- _DIRECTIONS FOR THIS TASK_
Set down the lines that begin at the top of the records and end with the line containing "Spotkanie z Jackiem Fedorowiczem 16", and drop every picture.

Dataset entries
....

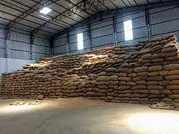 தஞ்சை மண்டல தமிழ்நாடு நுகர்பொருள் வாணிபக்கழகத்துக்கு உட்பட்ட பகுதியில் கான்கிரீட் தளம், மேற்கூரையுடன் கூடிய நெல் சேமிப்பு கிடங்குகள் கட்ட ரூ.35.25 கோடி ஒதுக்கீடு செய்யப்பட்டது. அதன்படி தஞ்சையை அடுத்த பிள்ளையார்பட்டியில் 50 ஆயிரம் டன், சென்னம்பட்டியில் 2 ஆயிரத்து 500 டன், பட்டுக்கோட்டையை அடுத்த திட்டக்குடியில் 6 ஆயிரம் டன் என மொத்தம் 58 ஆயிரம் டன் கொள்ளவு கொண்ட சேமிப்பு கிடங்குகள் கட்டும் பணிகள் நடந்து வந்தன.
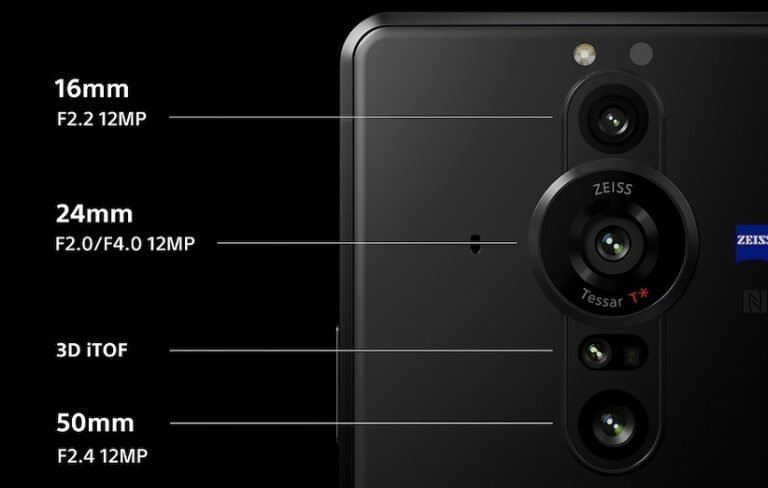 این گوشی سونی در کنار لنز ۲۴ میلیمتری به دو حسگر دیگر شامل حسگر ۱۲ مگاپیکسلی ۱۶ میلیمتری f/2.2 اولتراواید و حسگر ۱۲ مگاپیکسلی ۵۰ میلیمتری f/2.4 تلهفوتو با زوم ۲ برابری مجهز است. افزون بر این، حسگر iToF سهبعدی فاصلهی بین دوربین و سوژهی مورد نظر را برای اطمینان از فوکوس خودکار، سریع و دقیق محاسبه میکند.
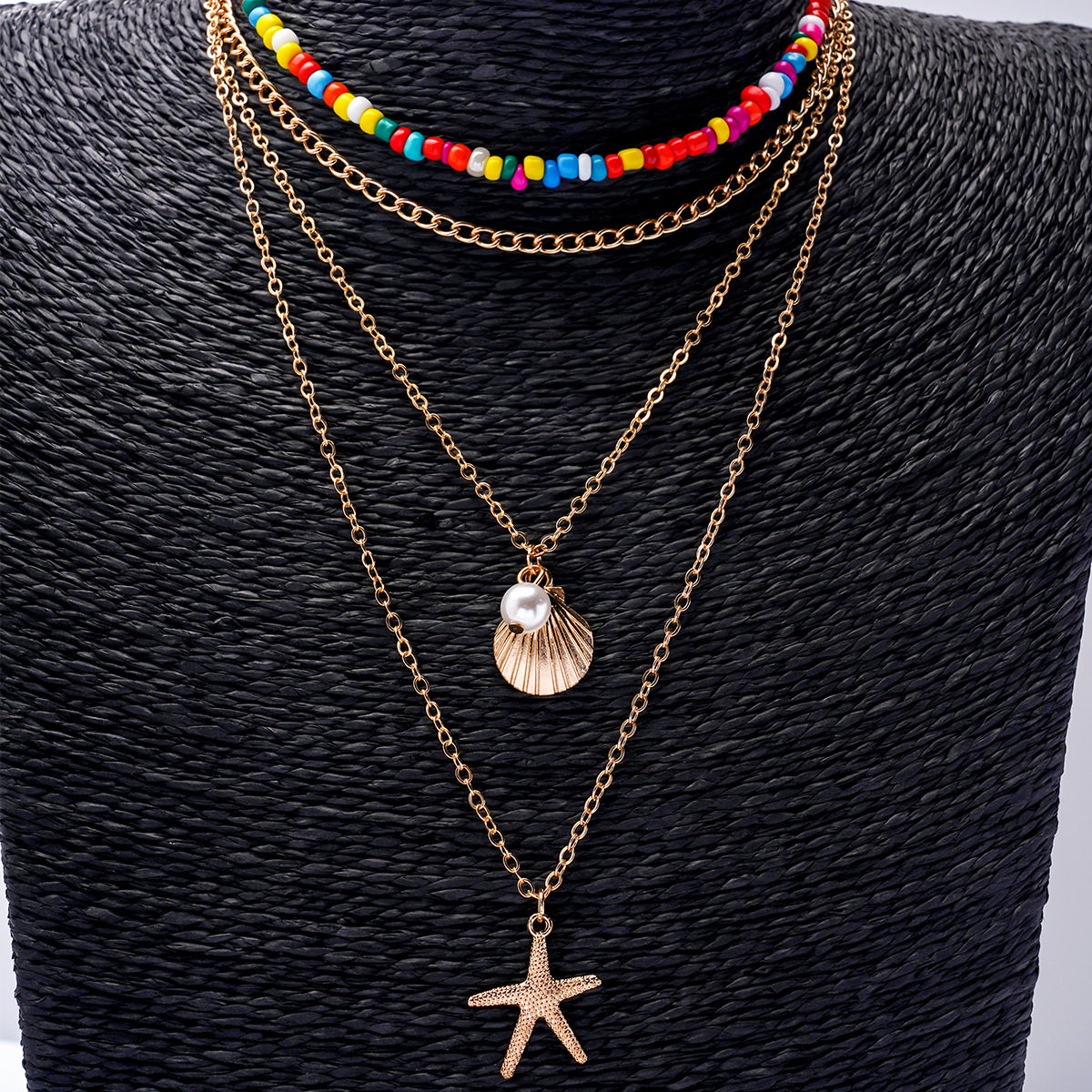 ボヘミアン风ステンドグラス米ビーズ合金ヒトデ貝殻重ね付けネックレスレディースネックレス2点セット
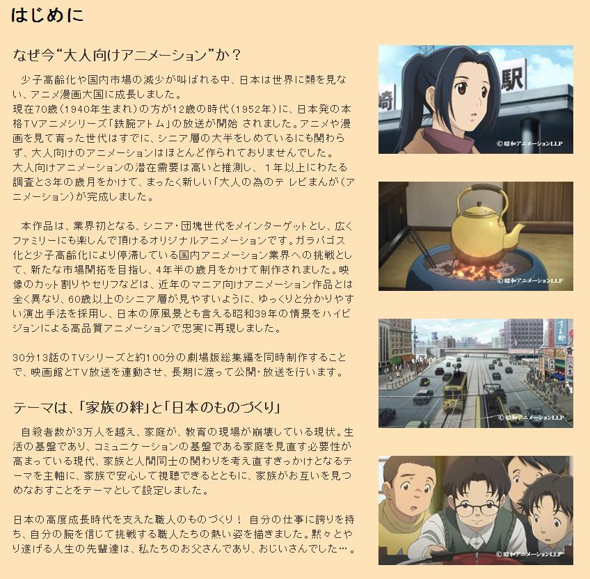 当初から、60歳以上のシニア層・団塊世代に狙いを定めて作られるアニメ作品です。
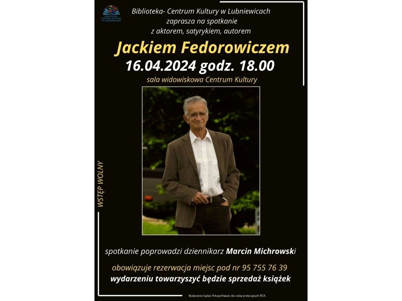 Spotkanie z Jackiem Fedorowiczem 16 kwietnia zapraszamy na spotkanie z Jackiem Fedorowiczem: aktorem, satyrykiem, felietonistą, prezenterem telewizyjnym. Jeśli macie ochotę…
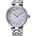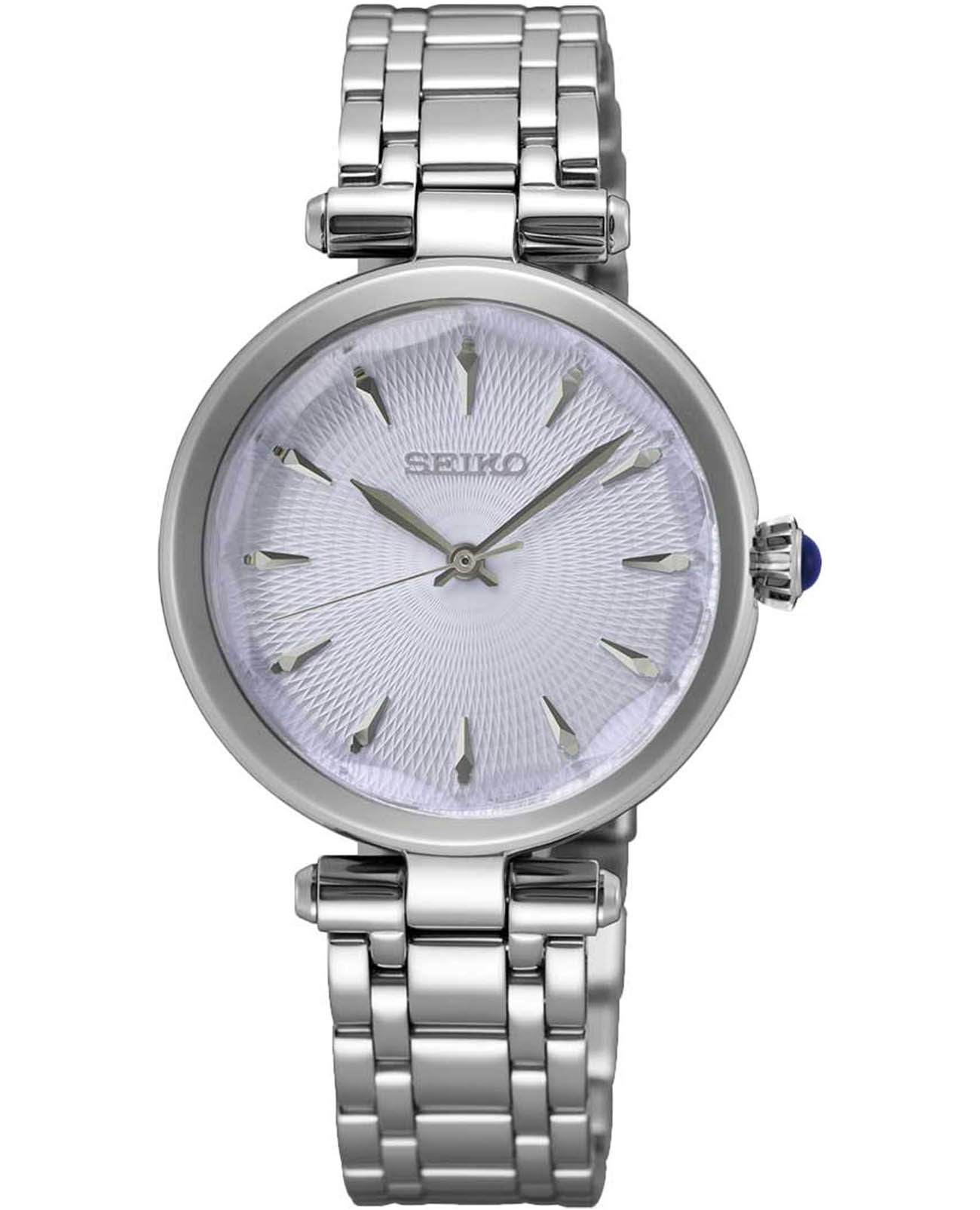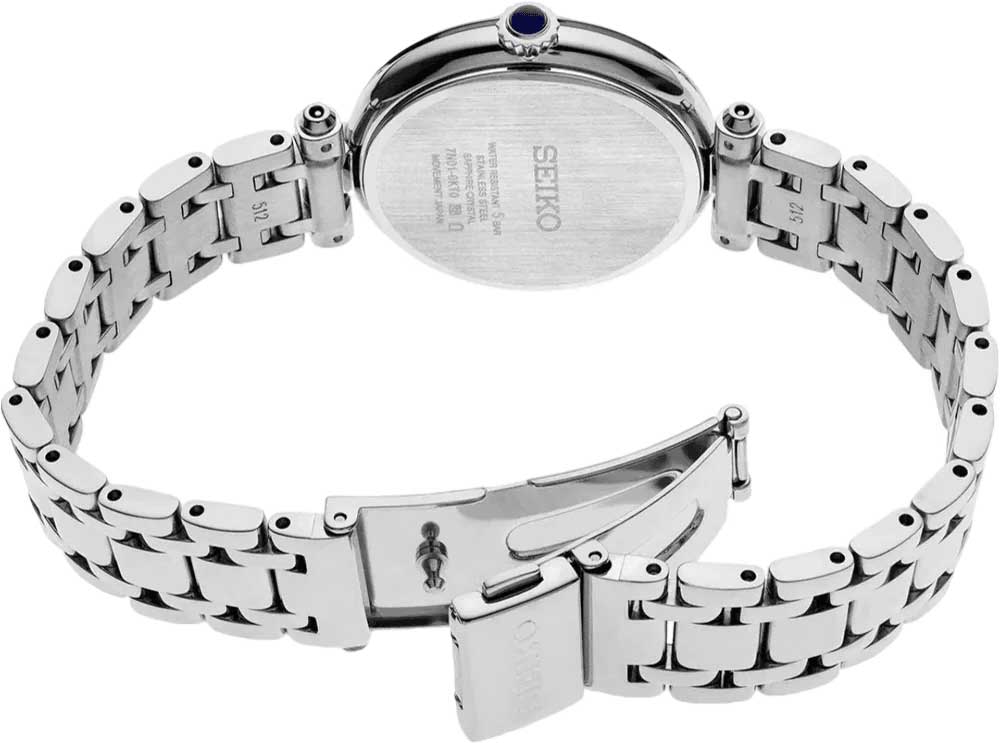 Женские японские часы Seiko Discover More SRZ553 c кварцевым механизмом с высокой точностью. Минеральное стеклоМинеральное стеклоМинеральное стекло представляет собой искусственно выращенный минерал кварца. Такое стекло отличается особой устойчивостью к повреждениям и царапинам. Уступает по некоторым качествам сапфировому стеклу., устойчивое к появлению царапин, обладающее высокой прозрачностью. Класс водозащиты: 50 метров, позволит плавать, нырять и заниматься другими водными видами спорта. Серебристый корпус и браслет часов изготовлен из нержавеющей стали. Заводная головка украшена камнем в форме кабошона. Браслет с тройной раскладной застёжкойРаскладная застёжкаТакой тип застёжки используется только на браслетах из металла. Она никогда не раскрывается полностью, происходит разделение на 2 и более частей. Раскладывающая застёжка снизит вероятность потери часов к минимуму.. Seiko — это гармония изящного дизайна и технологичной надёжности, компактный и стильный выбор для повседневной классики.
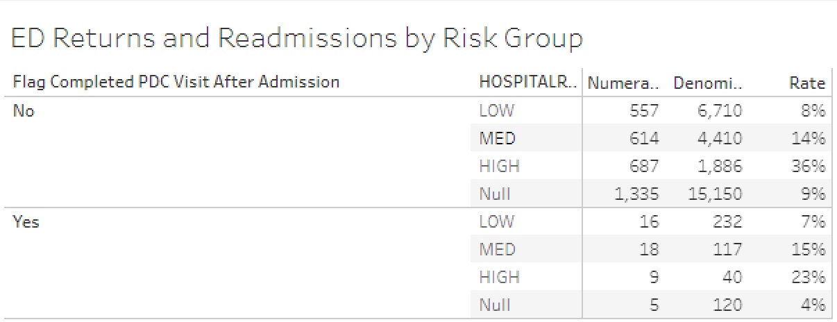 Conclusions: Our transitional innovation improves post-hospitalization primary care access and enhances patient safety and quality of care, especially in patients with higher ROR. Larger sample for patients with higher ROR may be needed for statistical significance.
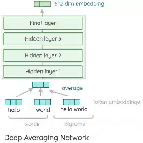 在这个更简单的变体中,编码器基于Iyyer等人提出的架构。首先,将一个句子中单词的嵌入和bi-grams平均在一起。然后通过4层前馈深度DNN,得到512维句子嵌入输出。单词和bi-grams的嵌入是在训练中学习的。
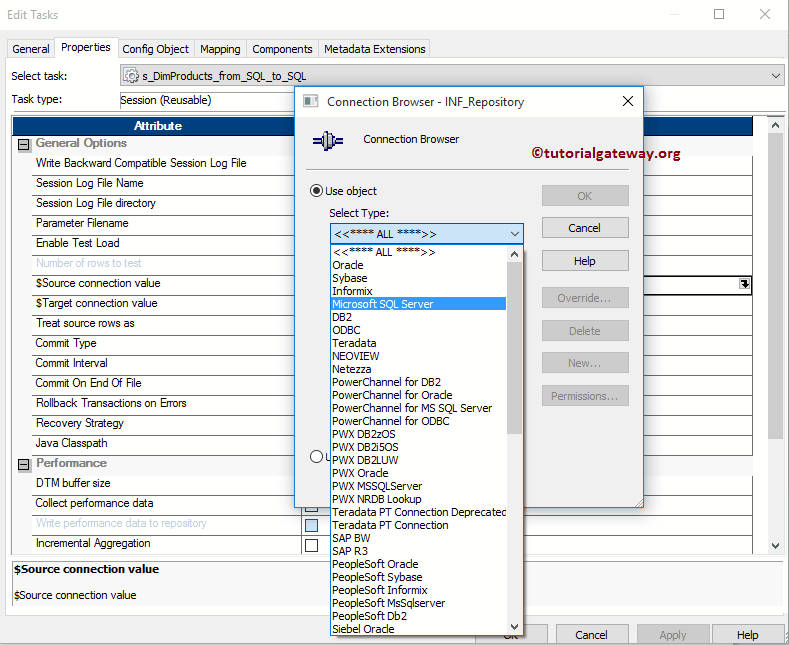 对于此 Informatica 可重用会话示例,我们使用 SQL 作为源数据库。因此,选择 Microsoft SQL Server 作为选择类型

....

- _ANSWER TO THIS EXERCISE_
 தஞ்சை மண்டல தமிழ்நாடு நுகர்பொருள் வாணிபக்கழகத்துக்கு உட்பட்ட பகுதியில் கான்கிரீட் தளம், மேற்கூரையுடன் கூடிய நெல் சேமிப்பு கிடங்குகள் கட்ட ரூ.35.25 கோடி ஒதுக்கீடு செய்யப்பட்டது. அதன்படி தஞ்சையை அடுத்த பிள்ளையார்பட்டியில் 50 ஆயிரம் டன், சென்னம்பட்டியில் 2 ஆயிரத்து 500 டன், பட்டுக்கோட்டையை அடுத்த திட்டக்குடியில் 6 ஆயிரம் டன் என மொத்தம் 58 ஆயிரம் டன் கொள்ளவு கொண்ட சேமிப்பு கிடங்குகள் கட்டும் பணிகள் நடந்து வந்தன.
 این گوشی سونی در کنار لنز ۲۴ میلیمتری به دو حسگر دیگر شامل حسگر ۱۲ مگاپیکسلی ۱۶ میلیمتری f/2.2 اولتراواید و حسگر ۱۲ مگاپیکسلی ۵۰ میلیمتری f/2.4 تلهفوتو با زوم ۲ برابری مجهز است. افزون بر این، حسگر iToF سهبعدی فاصلهی بین دوربین و سوژهی مورد نظر را برای اطمینان از فوکوس خودکار، سریع و دقیق محاسبه میکند.
 ボヘミアン风ステンドグラス米ビーズ合金ヒトデ貝殻重ね付けネックレスレディースネックレス2点セット
 当初から、60歳以上のシニア層・団塊世代に狙いを定めて作られるアニメ作品です。
 Spotkanie z Jackiem Fedorowiczem 16 kwietnia zapraszamy na spotkanie z Jackiem Fedorowiczem: aktorem, satyrykiem, felietonistą, prezenterem telewizyjnym. Jeśli macie ochotę…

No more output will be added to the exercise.